Ivory se había instalado en la barra de una cafetería situada en el centro del aeropuerto de Malpensa. Miró la hora en el reloj que estaba sobre él y volvió a concentrarse en la lectura del
Corriere della Sera
.
Un hombre se sentó en el taburete a su lado.
—Lo siento, Ivory, la circulación estaba todavía peor que de costumbre. ¿Qué puedo hacer por usted?
—Casi nada, mi querido Lorenzo, a no ser que quiera compartir conmigo las informaciones que posee.
—¿Qué le hace suponer que poseo informaciones que puedan concernirle?
—Vale, juguemos de la manera más limpia posible.
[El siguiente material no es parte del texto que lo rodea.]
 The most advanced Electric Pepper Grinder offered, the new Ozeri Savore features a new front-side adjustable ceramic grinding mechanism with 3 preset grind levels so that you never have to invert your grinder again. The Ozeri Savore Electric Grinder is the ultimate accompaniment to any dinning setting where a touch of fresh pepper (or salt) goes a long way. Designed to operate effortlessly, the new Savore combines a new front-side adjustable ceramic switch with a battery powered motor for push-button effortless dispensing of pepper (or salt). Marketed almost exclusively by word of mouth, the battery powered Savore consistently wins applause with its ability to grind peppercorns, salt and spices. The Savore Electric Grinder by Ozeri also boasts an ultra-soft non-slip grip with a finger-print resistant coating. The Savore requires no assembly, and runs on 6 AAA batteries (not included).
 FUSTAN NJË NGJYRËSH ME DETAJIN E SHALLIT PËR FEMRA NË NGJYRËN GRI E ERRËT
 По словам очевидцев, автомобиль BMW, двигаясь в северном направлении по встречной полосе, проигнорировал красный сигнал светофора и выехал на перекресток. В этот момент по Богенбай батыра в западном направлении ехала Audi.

Empezaré yo y le diré todo lo que sé. Por ejemplo, que la comisión se ha reactivado, que la persona de la que todos ustedes están pendientes está actualmente en Etiopía y que se ha reunido con la joven arqueóloga; también sé que China tiene allí muchos intereses económicos y numerosos apoyos, y soy lo suficientemente espabilado como para adivinar que los demás deben de estar planteándose el convidar a los chinos a su mesa. Veamos, ¿qué más podría decirle? ¿Que Italia también mantiene algunos contactos en Etiopía? ¿Y que, si usted sigue siendo el mismo hombre que conocí, ya habrá activado a uno o a varios de sus agentes? Espere, que buscando y buscando, quizá encuentre un par más de cositas para contarle. Ah, sí, usted no ha informado a nadie de sus proyectos, para no perder la iniciativa, e incluso quizá para tomar el control de las operaciones en un momento dado.
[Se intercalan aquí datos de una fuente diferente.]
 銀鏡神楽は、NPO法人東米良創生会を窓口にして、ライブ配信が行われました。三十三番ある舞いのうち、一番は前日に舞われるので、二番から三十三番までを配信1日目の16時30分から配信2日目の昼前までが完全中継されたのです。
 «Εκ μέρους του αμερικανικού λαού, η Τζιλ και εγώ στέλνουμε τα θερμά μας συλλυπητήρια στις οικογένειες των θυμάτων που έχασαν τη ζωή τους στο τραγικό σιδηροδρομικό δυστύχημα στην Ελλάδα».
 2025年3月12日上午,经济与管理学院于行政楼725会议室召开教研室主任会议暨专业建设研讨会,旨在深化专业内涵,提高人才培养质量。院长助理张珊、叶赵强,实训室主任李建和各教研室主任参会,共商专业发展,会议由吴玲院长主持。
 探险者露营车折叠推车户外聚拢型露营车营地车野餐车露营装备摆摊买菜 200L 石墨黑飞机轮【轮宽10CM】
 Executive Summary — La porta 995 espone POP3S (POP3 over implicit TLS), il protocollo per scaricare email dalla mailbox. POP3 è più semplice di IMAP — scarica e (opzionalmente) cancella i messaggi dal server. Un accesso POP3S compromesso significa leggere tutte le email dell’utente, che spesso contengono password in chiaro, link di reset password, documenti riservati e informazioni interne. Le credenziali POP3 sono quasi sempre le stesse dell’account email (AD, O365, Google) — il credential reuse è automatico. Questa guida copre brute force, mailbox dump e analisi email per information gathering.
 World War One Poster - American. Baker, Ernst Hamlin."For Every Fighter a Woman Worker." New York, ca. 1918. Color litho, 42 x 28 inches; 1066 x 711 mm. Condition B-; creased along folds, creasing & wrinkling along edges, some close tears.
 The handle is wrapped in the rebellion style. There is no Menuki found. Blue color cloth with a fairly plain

—Usted no ha venido aquí sólo para proferir unas acusaciones tan grotescas, supongo que una llamada telefónica hubiera bastado para eso.
—Lorenzo, ¿sabe usted cuál es en nuestros días la mayor fuerza en su oficio?
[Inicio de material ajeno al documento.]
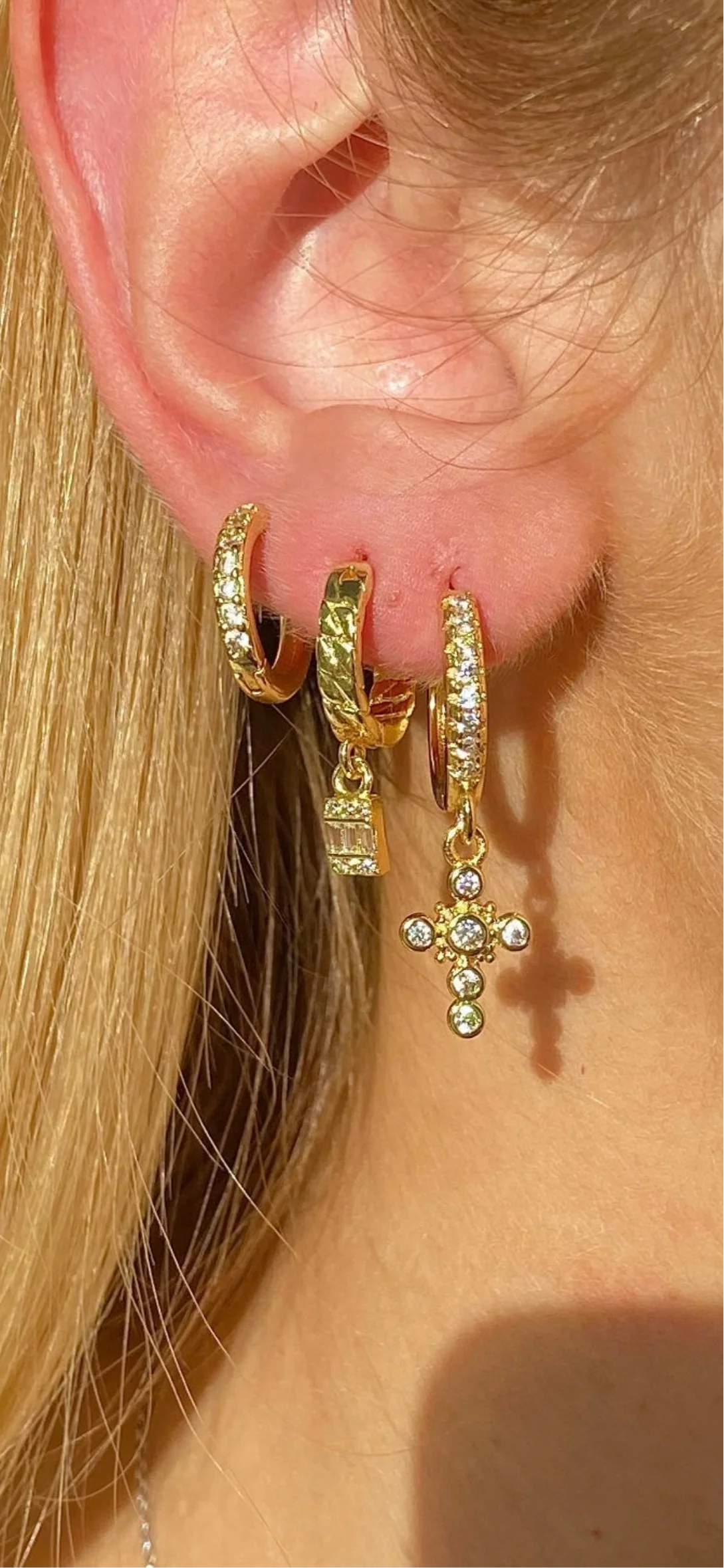 The Gold Crystal Cleo Hoops are designed to add sparkle to your look with their dazzling crystals and sleek gold-plated finish. Perfect for any occasion, these hoops bring a touch of glamour and elegance to your everyday style or special event outfits. Their size makes them ideal for both subtle and statement looks, offering versatility and chic appeal.
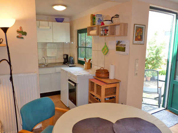 Dei kleine Ferienwohnung befindet sich komplett im Erdgeschoss. Im kombinierten Wohn-/Schlafraum befinden sich zwei getrennt stehende Polsterbetten. Eine Kochnische mit Herd und Backofen ist offen zum Wohn-/Schlafraum. Das Badezimmer ist mit Dusche/WC ausgestattet. Die Einrichtung ist zweckmäßig. KEIN PRIVATPARKPLATZ FÜR DIE FEWO VORHANDEN. ÖFFENTLICHE PARKPLÄTZE IN DER NÄHE (ZUM BEISPIEL "UNTER DER HERRENSEEBRÜCKE").

—Estoy seguro de que me la va a decir.
—No depender de ninguna tecnología. Ni teléfono, ni ordenador ni tarjeta bancaria. Recuerde que el espionaje era un asunto complejo cuando esas gilipolleces todavía no existían. Hoy no hay ningún placer en la práctica de este arte. El primer cretino que enciende su móvil es geolocalizado por una batería de satélites en apenas unos instantes. Nada reemplazará nunca a un buen café tomado con un viejo amigo en el anonimato de un bar de aeropuerto.
—Sigue sin decirme lo que quiere.
—Tiene razón, casi se me olvida. Hubo una época en la que le presté algunos servicios, ¿no? Pero no apelaré a su gratitud, aunque no digo que no lo haga un día, ya que lo que quiero por ahora no justifica que utilice esa baza, sería desperdiciarla. No, la verdad es que todo lo que le pido es que me dé los medios para tener un poco de ventaja sobre los demás. En contrapartida, no les diré nada de sus mangoneos, así que infórmeme de lo que está pasando en el Valle del Omo. Estoy siendo muy magnánimo, porque cuando nuestros tortolitos vuelen a otras regiones, me tocará a mí informarle. Reconozca que tener un alfil invisible en el tablero es una baza importante para el que lo tiene de su lado.
—Ivory, no juego más que al póquer, no estoy familiarizado con las reglas del ajedrez. ¿Qué le hace pensar que van a dejar Etiopía?
—Por favor, Lorenzo, no entre nosotros, no me tome por imbécil. Si usted pensara que nuestro astrónomo sólo ha ido a galantear a su novia, no hubiera puesto a sus hombres en marcha.
—¡Pero si yo no he hecho nada de eso!
Ivory pagó su consumición y se levantó. Palmeó el hombro de su vecino.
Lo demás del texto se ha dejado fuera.